市岡:知の探索の燃料になっているのは「好奇心」。仕事だけやっていたら、それを消化しきれない。『しゃかいか!』は、好奇心を満たすための装置にもなっているんだと思います。
加藤:その好奇心の根っこにあるのは、なにかを「好きだなあ」という気持ちですよね。「私はこれが好きなんです」っていうのがある人のほうが、コミュニケーションが生まれやすい。コミュニケーションが生まれる人じゃないと、たぶん生存だってできないと思うんですよ。好きなものがある人には「いいな。僕も力になりたいな」みたいに思えて、そこでコネクトされるので。
市岡:そうしていろんな会社や工場を訪れるたびに、「自分がほぐれる感覚」があるというか。会う人みんな、TAMと考え方やカルチャーが全然違うんですよね。「こういうのもありなんだ」って思えるようになるんです。

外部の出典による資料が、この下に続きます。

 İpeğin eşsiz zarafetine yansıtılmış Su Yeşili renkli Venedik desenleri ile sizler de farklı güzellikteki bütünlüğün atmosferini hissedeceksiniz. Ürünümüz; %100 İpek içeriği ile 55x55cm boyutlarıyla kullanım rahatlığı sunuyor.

加藤:今後、『しゃかいか!』では、働き手や事業継承者がいなくて困っている会社がたくさんあるという日本の課題や、それでも地方で頑張っている若い人たちにフォーカスしていきたいですね。
若い人でも、有名で大きな会社に入って3年もすれば視野が狭くなったり、やりがいが見えなくなったりすることもあると思うんですが、そういう人にこそ、『しゃかいか!』の記事を読んでもらったり、一緒に工場見学に行けたりしたらすごくいいなと思います。副業でライターをやってみたい人だとか。

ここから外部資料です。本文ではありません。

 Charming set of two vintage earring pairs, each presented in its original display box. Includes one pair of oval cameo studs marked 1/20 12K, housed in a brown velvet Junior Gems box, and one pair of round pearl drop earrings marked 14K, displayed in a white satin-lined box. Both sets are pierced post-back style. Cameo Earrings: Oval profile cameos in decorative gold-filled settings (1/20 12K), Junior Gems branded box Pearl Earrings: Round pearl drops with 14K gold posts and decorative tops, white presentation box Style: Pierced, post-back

市岡:学生インターンも大歓迎です。僕が今後やっていきたいのは、これまで『しゃかいか!』を10年やってきて、いろんな人と仲間になれて、そういう人たちと一緒に、自分たち自身もモノづくりができたらいいんじゃないかなと思っています。
加藤:そんなふうに、『しゃかいか!』がそれぞれの人がそれぞれのやりたいことを手繰り寄せるための道具になれたら、と思っています。
TAMの代表の爲廣さんは、僕が10年前に「『しゃかいか!』をやりたい」と言ったとき、ほんの数秒で、「やったらええやん」って言ってくださって。「でも、たぶん年に150万円くらいかかります」「やってみなはれ」って、それはもう本当に一瞬でOKをもらいました。
『しゃかいか!』の取材に同行した爲廣さん(左から3番目)
加藤:たぶん爲廣さんは、『しゃかいか!』の僕らみたいに、TAMの中で「勝手にやる人」がもっと増えたほうがいいと思っているのかな。
だれかが会社で好き勝手することによって、「線引き」ができるじゃないですか、『しゃかいか!』が自由に楽しんで仕事やってるから「あそこまではやっていいんだ」っていう。その限界を『しゃかいか!』が拡張している感じはあって、たぶん爲廣さんもそれを分かってくれているんだと思います。